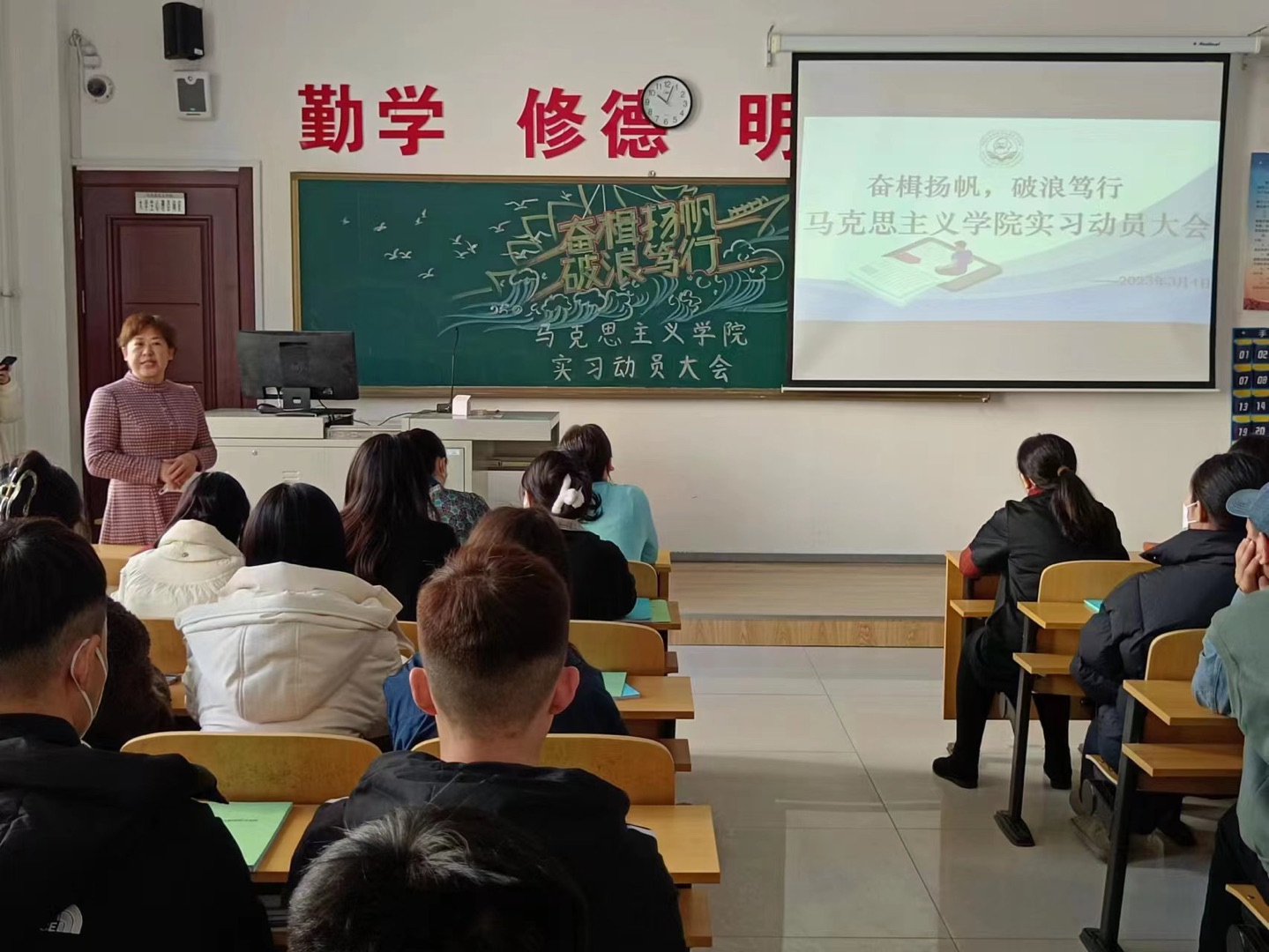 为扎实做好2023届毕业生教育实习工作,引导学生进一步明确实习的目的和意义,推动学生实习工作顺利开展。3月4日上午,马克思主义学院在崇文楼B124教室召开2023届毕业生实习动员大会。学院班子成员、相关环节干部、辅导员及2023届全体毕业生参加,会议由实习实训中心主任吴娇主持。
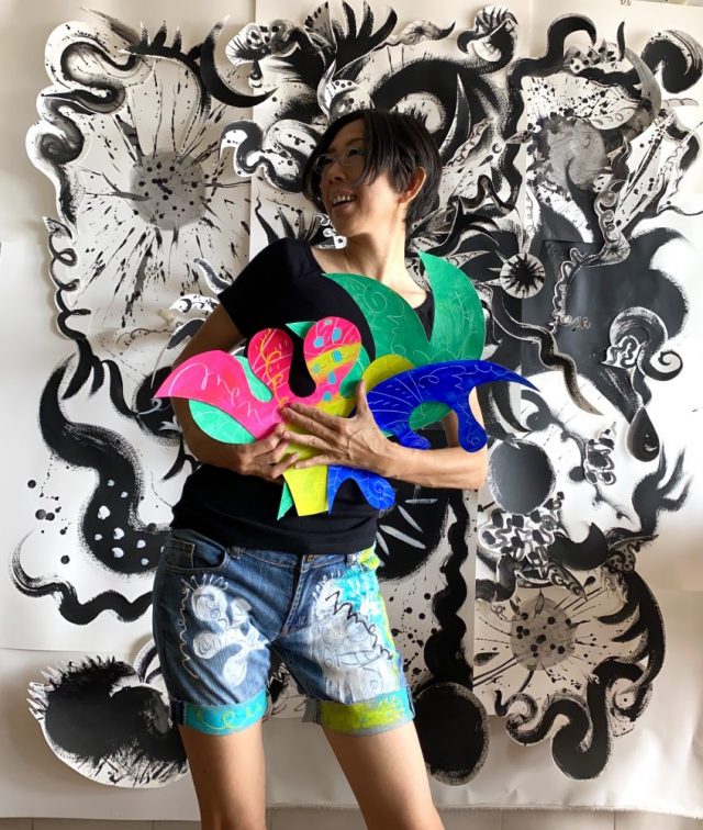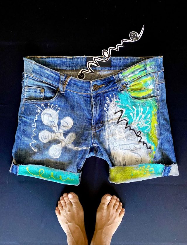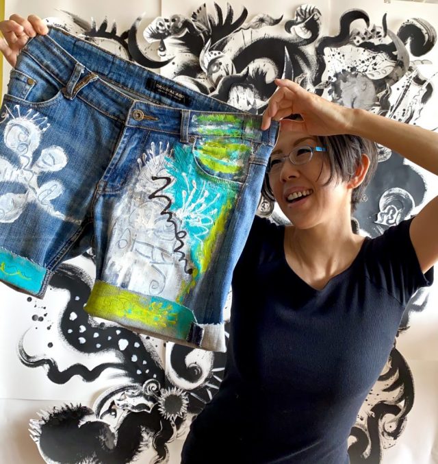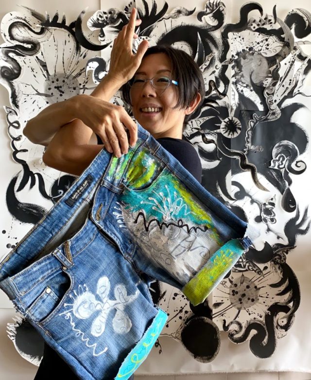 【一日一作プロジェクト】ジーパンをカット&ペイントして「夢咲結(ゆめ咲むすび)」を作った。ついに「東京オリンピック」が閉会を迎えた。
++++++++++++++++++++
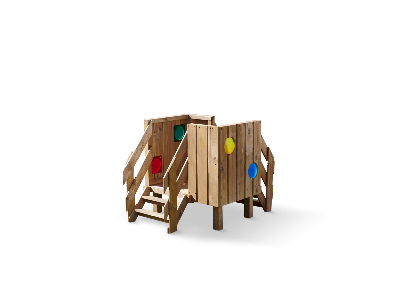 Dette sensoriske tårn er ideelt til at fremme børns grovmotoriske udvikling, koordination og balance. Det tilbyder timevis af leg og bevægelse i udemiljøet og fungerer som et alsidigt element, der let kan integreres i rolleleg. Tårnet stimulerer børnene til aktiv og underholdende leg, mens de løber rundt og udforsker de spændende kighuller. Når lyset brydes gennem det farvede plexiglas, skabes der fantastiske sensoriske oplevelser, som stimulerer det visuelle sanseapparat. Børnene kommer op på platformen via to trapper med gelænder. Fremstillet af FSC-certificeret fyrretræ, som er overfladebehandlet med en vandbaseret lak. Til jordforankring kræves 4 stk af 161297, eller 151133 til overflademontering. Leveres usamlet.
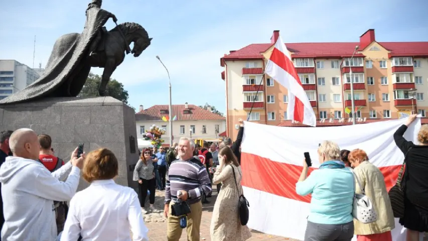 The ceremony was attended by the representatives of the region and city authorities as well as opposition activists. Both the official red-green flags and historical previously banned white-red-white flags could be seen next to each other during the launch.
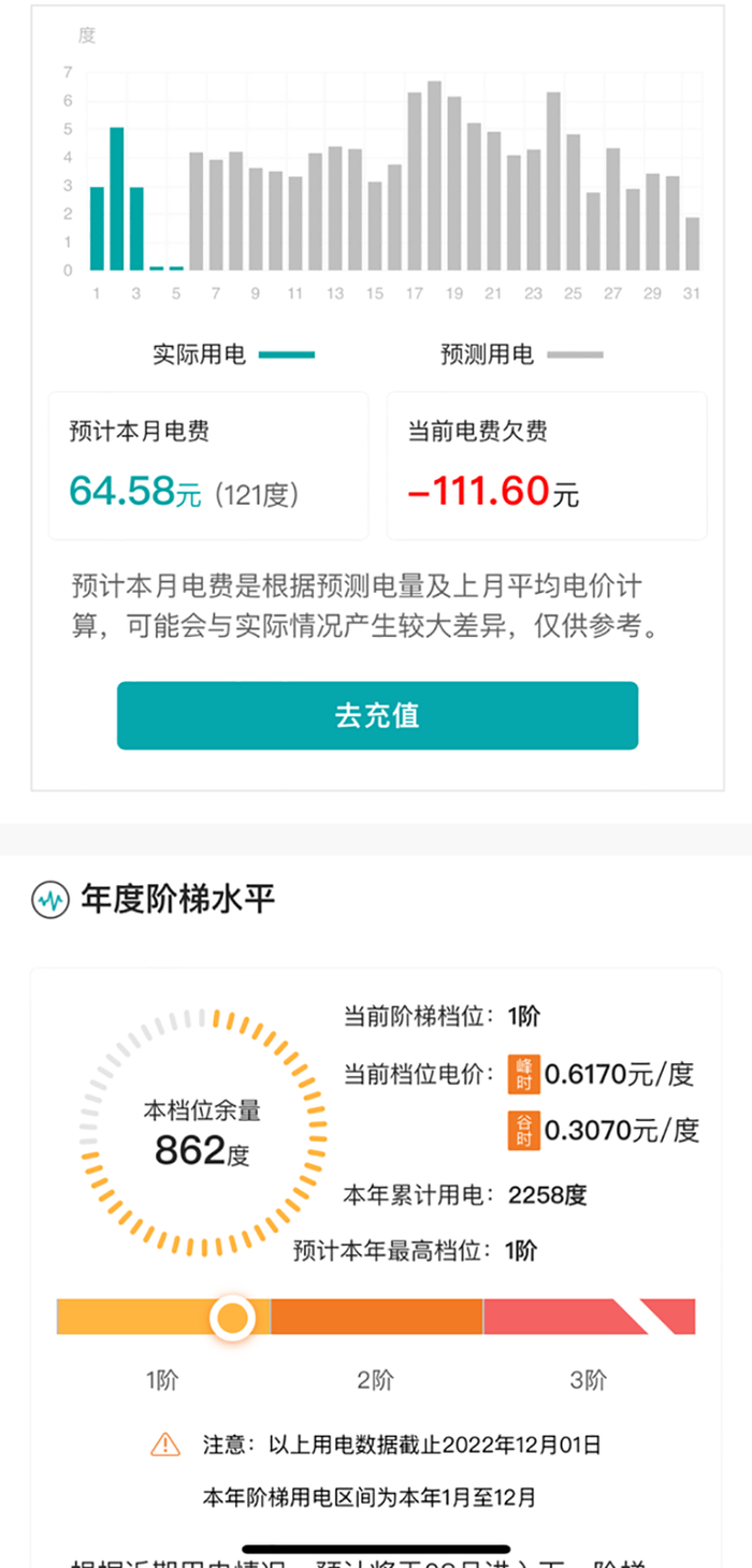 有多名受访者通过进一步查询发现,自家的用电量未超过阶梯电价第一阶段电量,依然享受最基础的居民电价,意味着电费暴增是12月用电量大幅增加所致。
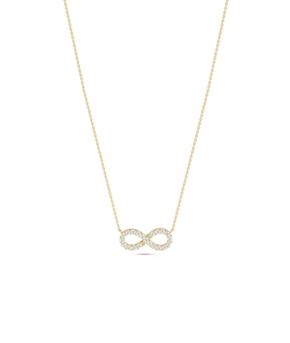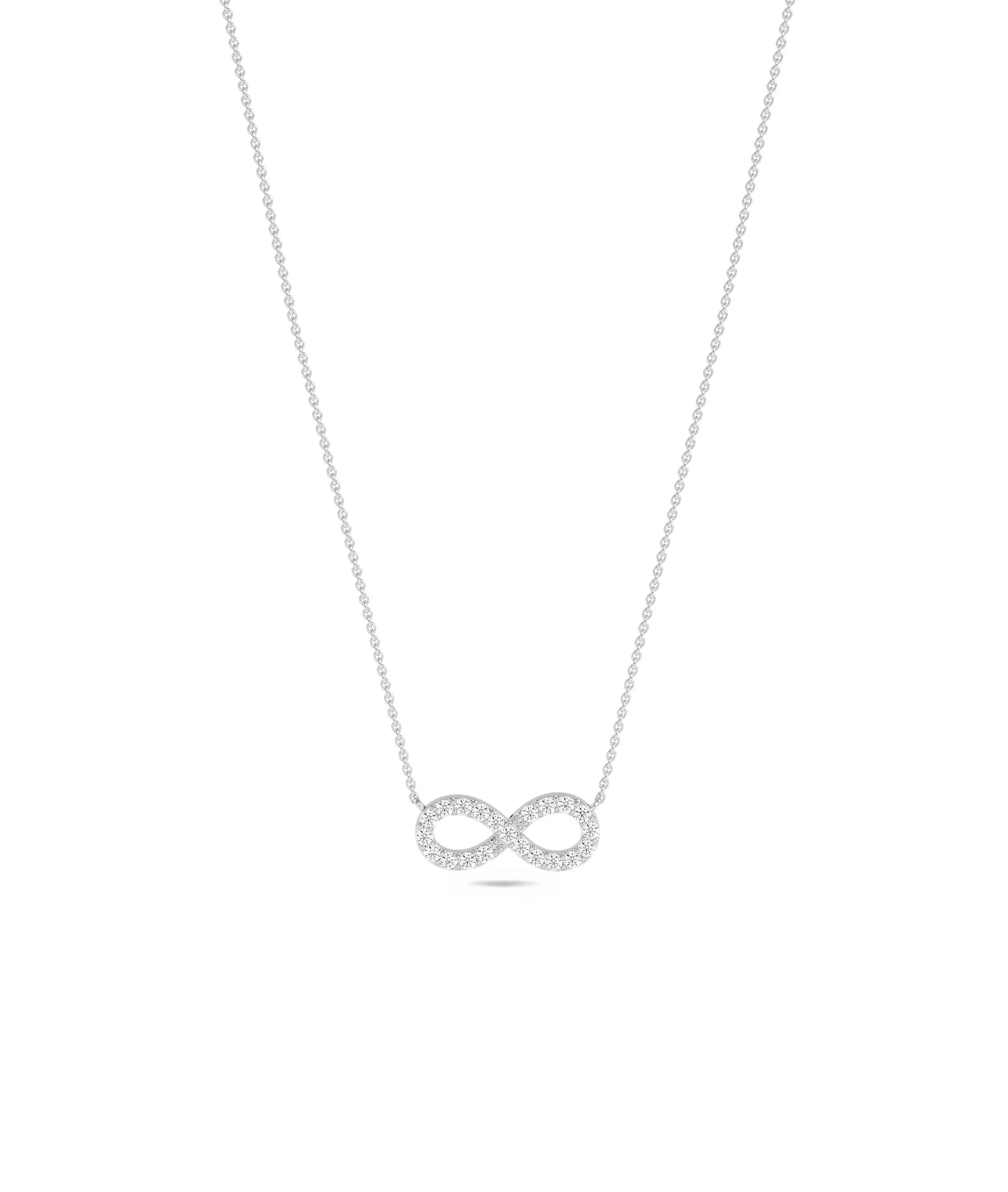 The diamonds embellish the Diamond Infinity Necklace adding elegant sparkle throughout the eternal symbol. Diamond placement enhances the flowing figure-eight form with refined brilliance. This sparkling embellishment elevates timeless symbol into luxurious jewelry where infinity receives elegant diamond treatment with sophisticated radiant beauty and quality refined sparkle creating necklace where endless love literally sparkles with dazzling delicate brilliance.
++++++++++++++++++++
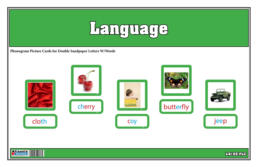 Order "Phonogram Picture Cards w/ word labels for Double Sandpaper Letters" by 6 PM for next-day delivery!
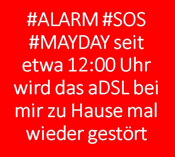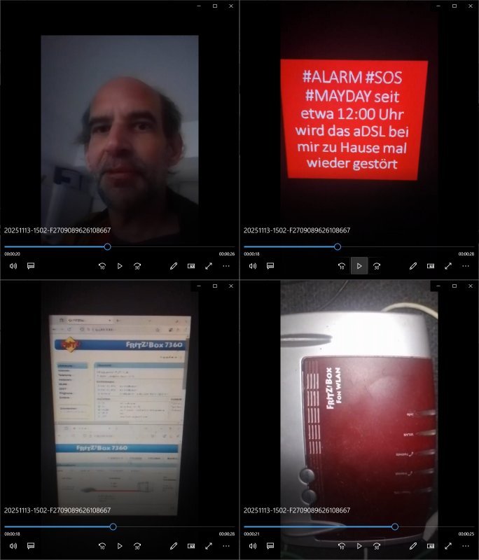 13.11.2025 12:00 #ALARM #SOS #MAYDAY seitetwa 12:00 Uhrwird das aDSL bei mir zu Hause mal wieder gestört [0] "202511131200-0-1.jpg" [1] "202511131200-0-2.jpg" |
++++++++++++++++++++
**ABOUT THIS TASK**. Restate the lines above from the one containing "for next-day delivery!" through the one containing "13.11.2025 12:00 #ALARM", inclusive, exactly and without pictures.

**REPLY**.
 Order "Phonogram Picture Cards w/ word labels for Double Sandpaper Letters" by 6 PM for next-day delivery!
 13.11.2025 12:00 #ALARM #SOS #MAYDAY seitetwa 12:00 Uhrwird das aDSL bei mir zu Hause mal wieder gestört [0] "202511131200-0-1.jpg" [1] "202511131200-0-2.jpg" |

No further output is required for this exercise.